Unsupervised Learning

Unsupervised learning discovers structure in data ${x_i}_{i=1}^n$ without any labels. The goal is to model the underlying distribution $P(X)$ or find meaningful groupings, representations, or lower-dimensional embeddings.

Clustering

Groups data points such that intra-cluster similarity is high and inter-cluster similarity is low.

k-Means

Partitions $n$ points into $k$ clusters by minimizing within-cluster variance:

\[\min_{\{C_k\}, \{\mu_k\}} \sum_{k=1}^K \sum_{x_i \in C_k} \|x_i - \mu_k\|^2\]

Algorithm (Lloyd’s):

Initialize $k$ centroids (random, k-means++, etc.)
Assign each point to nearest centroid.
Recompute centroids as mean of assigned points.
Repeat until convergence.

Complexity: $O(nkd)$ per iteration. Converges to local optimum; sensitive to initialization.

Choosing $k$: elbow method on inertia, silhouette score, gap statistic.

DBSCAN

Density-Based Spatial Clustering of Applications with Noise. Does not require specifying $k$; discovers clusters of arbitrary shape.

Key parameters:

$\epsilon$: neighborhood radius
$\text{minPts}$: minimum neighbors to be a core point

Point types:

Core point: at least minPts points within $\epsilon$-neighborhood.
Border point: within $\epsilon$ of a core point but not a core itself.
Noise point: neither core nor border.

Complexity: $O(n \log n)$ with spatial indexing.

Hierarchical Clustering

Builds a tree (dendrogram) of nested clusters.

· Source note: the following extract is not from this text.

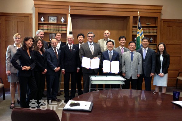 송기섭 행정중심복합도시건설청장(이하 행복청장)은 지난 17일 미국 오리건주 포틀랜드시 소재 Williams & Dame Development, OTAK, KeyBank, Jupiter 등 주요기업을 대상으로 세종시를 홍보하고, 샘 아담스 포틀랜드 시장과 MOU를 체결했다.

Agglomerative (bottom-up): each point starts as its own cluster; merge closest pairs.
Divisive (top-down): start with all points; recursively split.

Linkage criteria:

Linkage	Distance Between Clusters
Single	Minimum pairwise distance
Complete	Maximum pairwise distance
Average	Mean pairwise distance
Ward	Minimizes variance increase on merge

Gaussian Mixture Models (GMM)

Assumes data is generated from a mixture of $K$ Gaussians:

\[P(x) = \sum_{k=1}^K \pi_k \mathcal{N}(x; \mu_k, \Sigma_k)\]

Fit via EM algorithm:

E-step: compute soft cluster assignments $\gamma_{ik} = P(z_i = k \mid x_i)$
M-step: update $\pi_k$, $\mu_k$, $\Sigma_k$ using weighted MLEs

Generalizes k-Means (which is GMM with spherical, equal-variance clusters and hard assignments).

Cluster Evaluation Metrics

Metric	Notes
Silhouette score	Compares intra-cluster to nearest-cluster distance. Range $[-1, 1]$, higher is better.
Davies-Bouldin index	Ratio of within-cluster scatter to between-cluster separation. Lower is better.
Adjusted Rand Index (ARI)	Compares to ground truth if available.
Normalized Mutual Information (NMI)	Information-theoretic comparison to ground truth.

Dimensionality Reduction

Maps high-dimensional data to a lower-dimensional space while preserving structure.

Principal Component Analysis (PCA)

Finds orthogonal directions of maximum variance.

Objective: find projection matrix $W \in \mathbb{R}^{d \times k}$ such that variance in projected space is maximized.

Solution: eigenvectors of the covariance matrix $\Sigma = \frac{1}{n} X^T X$ corresponding to the $k$ largest eigenvalues.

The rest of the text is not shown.